Thursday, June 24, 2010

Thoughts on Bennett, ch. 7

Sorry for missing making comments on a couple of chapters there, but I don't want to backtrack too much. So, some comments on chapter 7 now, and then later this week some comments on chapter 8 and the book as a whole. Also, before I get into this make sure you read APS's post on this chapter (and the discussion, featuring Adrian among others).

Chapter seven, on political ecology, didn't clarify the issues I hoped would be. Indeed, the chapter reflected both the positive and frustrating aspects of the book. First, I won't get into it here, but her readings pushing both Dewey and Ranciere into a stronger anti-anthropocentric vibe are wonderful. For those sections alone I would suggest this chapter (especially if you have any interest in those two thinkers). But her own commitment to being anti-anthropocentric struggles in this chapter. Or, as I put it before, her commitment to a certain type of anti-anthropocentrism (in ontology and policy) seems to not also mean an escaping a certain humanism (an anthropocentrism in ethics and politics, if you will). That's the only way I can possibly understand her claiming at one point in this chapter that we need to move beyond an human exceptionalism, and her claims that certain human interests will always come first and that humans must play an executive role in the world. So, while obviously supportive of the first move (the need to get rid of human exceptionalism) I think we need to spend some time with these last two claims.
In a footnote Bennett claims "this fermentation seems to require some managing to ensure, for example, that all the ingredients are in the pot. It seems to require humans to exercise this 'executive' function" (p. 150 n. 19). This seems to lay in conjunction with her claim that:
For while every public may very well be an ecosystem, not every ecosystem is democratic. And I cannot envision any polity so egalitarian that important human needs, such as health or survival, would not take priority.
Why not? Since I have challenged the uniqueness of humanity in several ways, why not conclude that we and they are equally entitled? Because I have not eliminated all differences between us but examined instead the affinities across these differences, affinities that enable the very assemblages explored in the present book. To put it bluntly, my conatus will not let me "horizontalize" the world completely. I also identify with members of my species, insofar as they are bodies most similar to mine. (p. 104)

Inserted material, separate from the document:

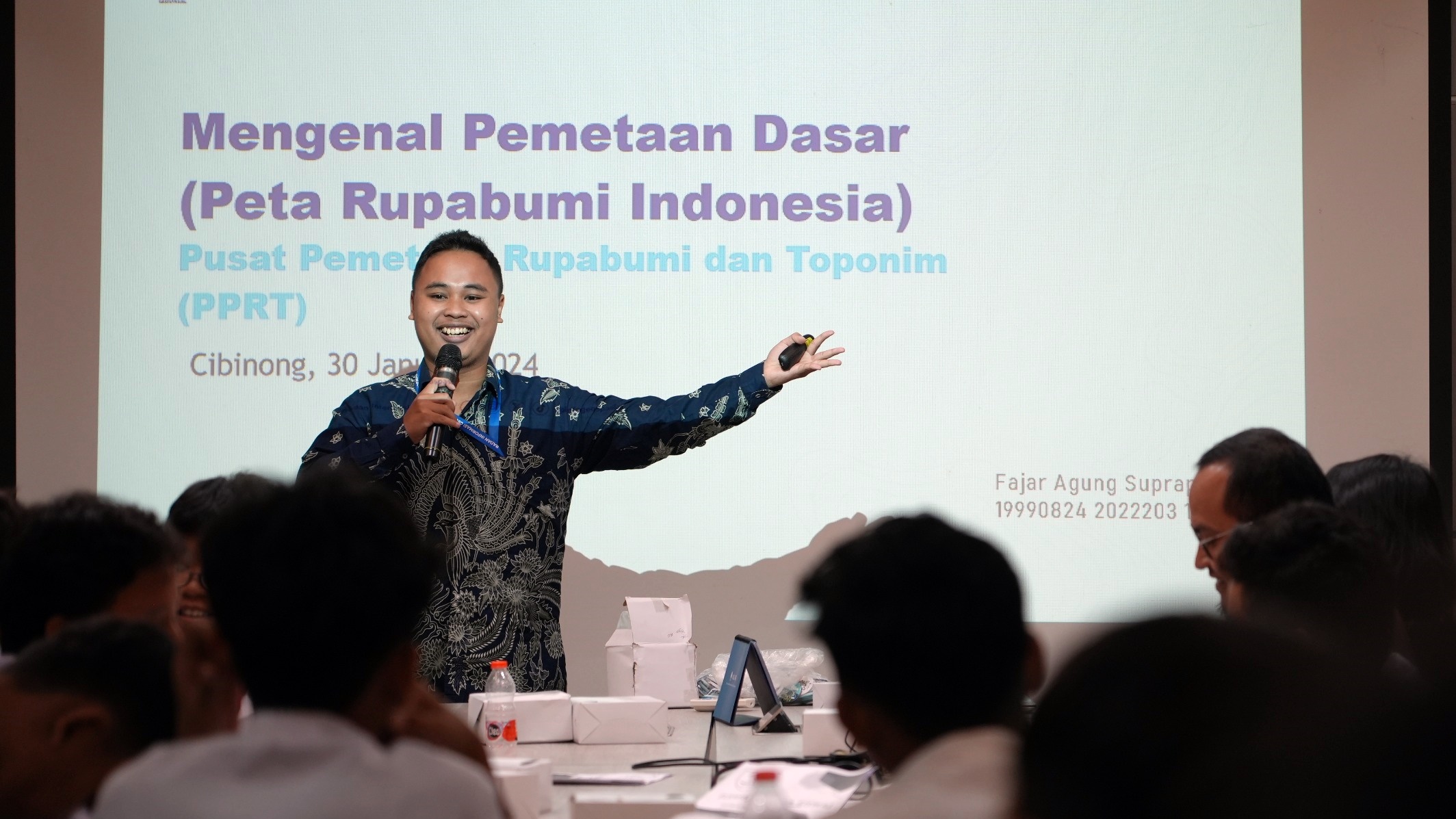 Selanjutnya, Fajar Agung Suprapto dari Pusat Pemetaan Rupabumi dan Toponim (PPRT) BIG mempresentasikan materi mengenai pemetaan dasar.

Okay, let's parse this position. Bennett wishes to tap the breaks on her movement towards egalitarianism. Whatever else she may have led us to believe, humans are still firmly in the driver's seat. Now, this doesn't just mean that we have greater responsibilities, but like all executives we get more perks, too. So, whatever she has said about enabling instrumentalizations from before, this is a fairly classical move: Deontology for humans, utilitarianism for everything else. Now, this may be unfair, but it is hard to read this in another way. Maybe I am being too quick to think that phrase "important human needs" is fairly useless qualifier, not nearly strong enough ethical, politically, or ontologically to actually protect nonhumans. Her justification for this human exceptionalism is perhaps the worse part: Her conatus makes her. Seriously? Maybe Bennett needs a new conatus. There is nothing her to explain why species difference is an ontologically, ethically, and/or politically important difference or coherent category. My cat is obviously not the same as myself, but my female partner is also obviously not the same as myself. There are plenty of times when we do not flatten out differences but still demand egalitarianism and democracy. Racists who had bothered to read Spinoza might talk about how they can't support egalitarianism because ultimately their conatus makes them support people of the same race because they are more similar. Or class, sex, nation, what have you. It speaks of the profound anthropocentricism of the world that we think people can simply slot in the word species and not suffer from similar issues as if they had said race, sex, class, etc.
Again, this may seem as if I am being too hard on Bennett. so let me clarify. I may find this move disappointing, but I also don't have solutions here. I have occasionally been attacked as simply replacing an anthropocentrism with some sort of animal-centrism. Not entirely fair, but partially true. In that I think that figuring out how to integrate animals into our political and ethical systems is hard enough for now. I could say: Democracy for all! Which is fine if I simply want to work in slogans, but far more complex to actually have some sort of flat ethics. I have repeatedly come out that I worry that a flat ontology can justify its own humanism. I think this is one example of that.